Leaving out every picture, copy the lines of the material below exactly, from the line containing "[신상오픈런]여성 체크 캉캉 미니 스커트 면혼합 프릴 디자인" through the line containing "Sind die goldenen".
▬▬▬
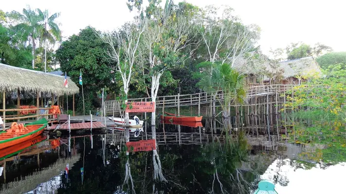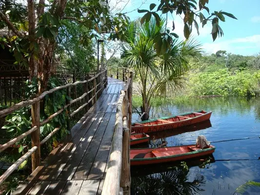 “On the shores of Lake Acajatuba, this family-owned resort consists of charming wooden rooms built on stilts above the jungle floor.”
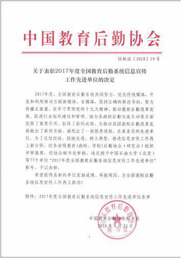 本次评比经全国各高校自行申报,省级教育主管部门和后勤协会组织评审后推荐,经中国教育后勤协会秘书处审核,全国共有77家单位被评为“2017年度全国教育后勤系统信息宣传工作先进单位”。根据宣传信息大数据统计分析,现场表彰公布了“2017年度全国高校后勤宣传力排行榜”,永利yl23411集团官网后勤管理处以江西省第一的优异成绩荣登全国第九位。
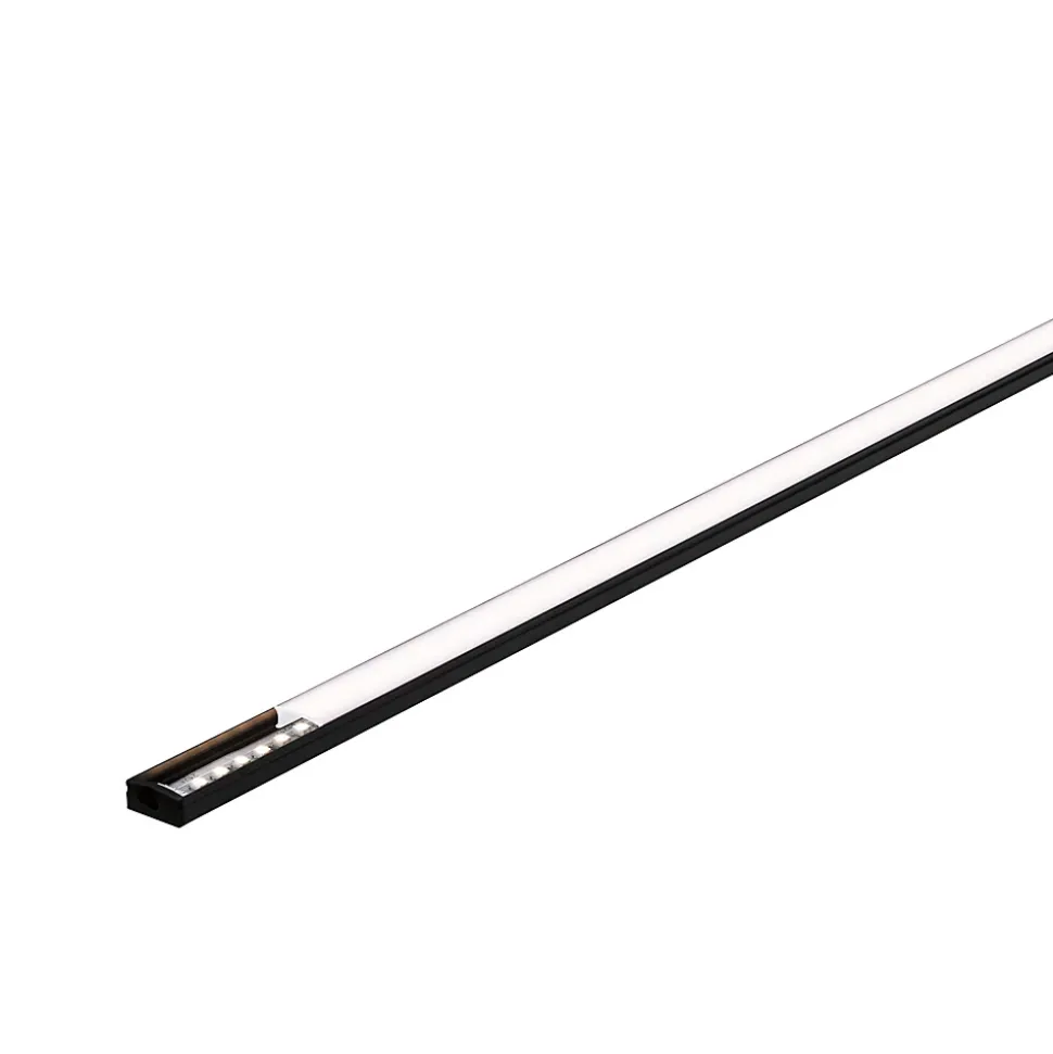 Le profilé Base d’une longueur de 1 mètre en noir mat crée un effet lumineux décoratif impressionnant sur les meubles ou les murs. Il s’agit d’un profil extrudé fin aux multiples usages pouvant être équipé de strips MaxLED. Pour atteindre une force de lumière décorative suffisante, il est recommandé d’utiliser MaxLED 1000. Avec sa finition satinée, le diffuseur blanc amovible assure une restitution de la lumière homogène et sans éblouissement. Le procédé d’anodisation de haute qualité renforce efficacement la surface du profilé contre les égratignures.
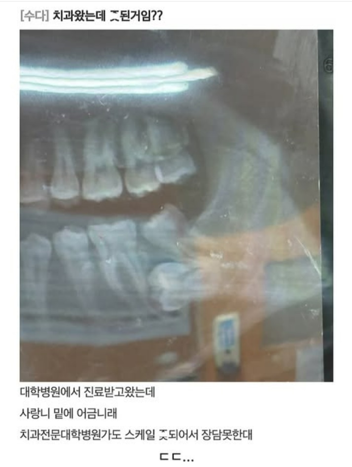 치과 왔는데 ㅈ된 거임?by 뉴스낵 2025.10.14사랑니어금니치과본 콘텐츠의 저작권은 저자 또는 제공처에 있으며, 이를 무단 이용하는 경우 저작권법 등에 따라 법적 책임을 질 수 있습니다.
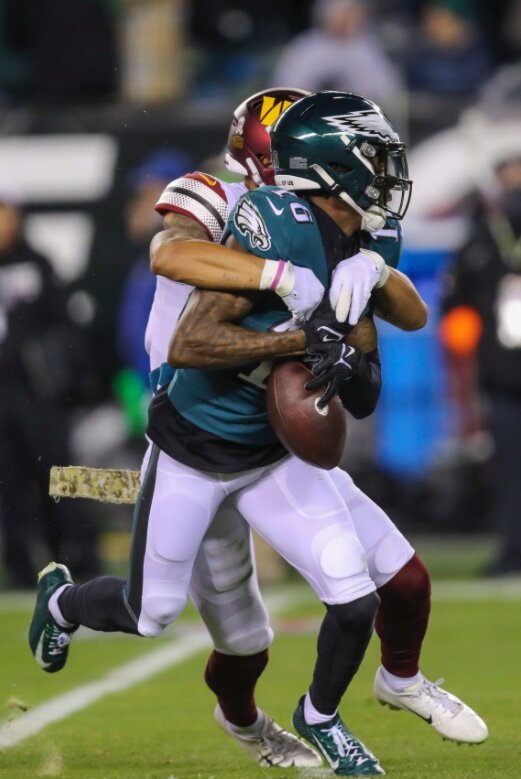 November 12, 20232 yr 20 hours ago, EagleVA said: This is my issue with the conclusions of most on Quez, other than those silly bubble screens, how often do they throw to him underneath? Pretty much never so how do you say he struggles underneath? Moreover, other than the silly bubble screens, how often is he targeted at all? If you say he isn't thrown to because Hurts has no trust in him, did Hurts not trust Goedert early in the season and has he not trusted Smith as of late, he surely hasn't been targeted much. The lack of spreading the ball around is going to burn the Eagles if it continues, count on it! The problem with throwing to your boy underneath is nothing good generally comes from it. Quez is scared of contact. When he gets hit bad things like this photo happens or he stops running his route against the Giants which led to a Hurts interception. Or he gets the ball ripped out his hands TWICE against the Cowboys which led to two interceptions for Minshew. Hurts has every right not to trust him, because when defenders are around him he folds up. He’s best when he’s all alone. Like I’ve already mentioned before that touchdown Hurts threw to Jones in the end zone he never would have thrown to Watkins, because Watkins is scared of contact. You can’t be a good football players if you are scared of contact. Where are you getting this idea that the Eagles aren’t spreading the ball around though? They have thrown the ball to WRs, TEs, and even the backs this year far more than they have any other time with Hurts as the quarterback. Not sure what your claim is based on. Eleven different players have caught a pass from Hurts this year.
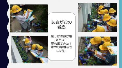 生活科の時間には,あさがおの観察をしました。毎日水やりをしていますが,改めてじっくり観察すると,葉の数が20以上あったり,蔓が子どもたちの口あたりまで伸びていたりと,随分大きく成長しているのがわかりました。
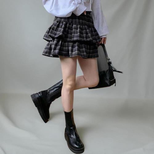 [신상오픈런]여성 체크 캉캉 미니 스커트 면혼합 프릴 디자인
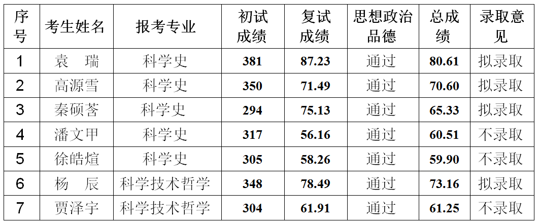 根据初试成绩、复试成绩(低于60分,不予录取)、思想政治品德考核成绩(不通过的,不予录取)和总成绩(百分制,初试成绩占60%,复试成绩占40%),按公布的复试办法、招生指标(科学技术史专业5名,科学技术哲学专业1名)及总成绩由高到低择优选拔的原则,决定拟录取4名考生。现将复试结果通告如下:
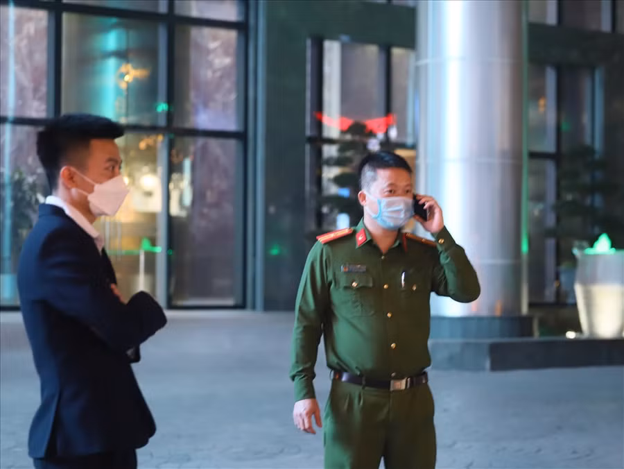 Sau khi công bố khởi tố, tạm giam với ông Trịnh Văn Quyết, nhiều công an đã có mặt tại địa điểm trụ sở Công ty CP Tập đoàn FLC và nhà riêng của bị can này tại Khu Đô thị Mỹ Đình 2.
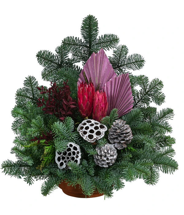 Sind die goldenen Herbsttage vorbei und der November steht vor der Tür, ist es in vielen Familien Brauch, die Gräber der Lieben für Allerheiligen und Totensonntag festlich zu schmücken und so die Verstorbenen zu ehren. Dabei wird Wert darauf gelegt, dass der Grabschmuck nicht nur wenige Tage gut aussieht, sondern das Grab möglichst viele Wochen ziert. Diesem Wunsch sind unsere Floristen nachgekommen und haben mit diesem Grabgesteck ein Arrangement kreiert, das stilvolles Design mit langer Haltbarkeit vereint. Die tragende Rolle in dieser Komposition spielen die kräftigen, immergrünen Zweige der edlen Nobilistanne, die mit dekorativer Optik bei bester Nadelfestigkeit überzeugt. Ideale Voraussetzungen also, dass dieses Grabgesteck herbstlichen Dauerregen wie frostiges Winterwetter gut übersteht und bis in den Frühling hinein attraktiv wirkt. Die aufrecht arrangierten Zweige wurden üppig mit verschiedenen Naturmaterialien geschmückt, die das Grabgesteck zu einem repräsentativen Grabschmuck machen, der mit seiner Höhe von 50 cm ideal für größere Gräber und Familien-Grabstätten ist.
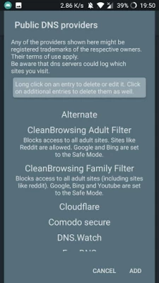 Это приложение создает VPN-соединение локально (данные не удаляются из вашего телефона с использованием этого VPN-соединения), чтобы использовать настроенные DNS-серверы как в беспроводных сетях, так и в мобильных сетях без необходимости получения прав root.
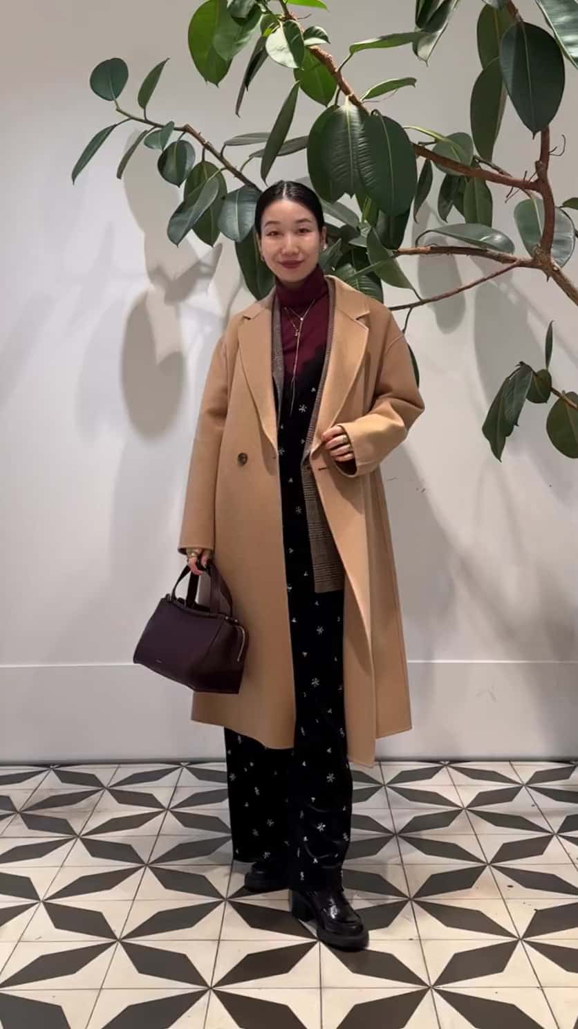 アウターは軽く羽織れるチェスターコートを合わせ、オンオフ問わず取り入れやすいスタイルに。
▬▬▬
▸ Exercise result:
 [신상오픈런]여성 체크 캉캉 미니 스커트 면혼합 프릴 디자인
 根据初试成绩、复试成绩(低于60分,不予录取)、思想政治品德考核成绩(不通过的,不予录取)和总成绩(百分制,初试成绩占60%,复试成绩占40%),按公布的复试办法、招生指标(科学技术史专业5名,科学技术哲学专业1名)及总成绩由高到低择优选拔的原则,决定拟录取4名考生。现将复试结果通告如下:
 Sau khi công bố khởi tố, tạm giam với ông Trịnh Văn Quyết, nhiều công an đã có mặt tại địa điểm trụ sở Công ty CP Tập đoàn FLC và nhà riêng của bị can này tại Khu Đô thị Mỹ Đình 2.
 Sind die goldenen Herbsttage vorbei und der November steht vor der Tür, ist es in vielen Familien Brauch, die Gräber der Lieben für Allerheiligen und Totensonntag festlich zu schmücken und so die Verstorbenen zu ehren. Dabei wird Wert darauf gelegt, dass der Grabschmuck nicht nur wenige Tage gut aussieht, sondern das Grab möglichst viele Wochen ziert. Diesem Wunsch sind unsere Floristen nachgekommen und haben mit diesem Grabgesteck ein Arrangement kreiert, das stilvolles Design mit langer Haltbarkeit vereint. Die tragende Rolle in dieser Komposition spielen die kräftigen, immergrünen Zweige der edlen Nobilistanne, die mit dekorativer Optik bei bester Nadelfestigkeit überzeugt. Ideale Voraussetzungen also, dass dieses Grabgesteck herbstlichen Dauerregen wie frostiges Winterwetter gut übersteht und bis in den Frühling hinein attraktiv wirkt. Die aufrecht arrangierten Zweige wurden üppig mit verschiedenen Naturmaterialien geschmückt, die das Grabgesteck zu einem repräsentativen Grabschmuck machen, der mit seiner Höhe von 50 cm ideal für größere Gräber und Familien-Grabstätten ist.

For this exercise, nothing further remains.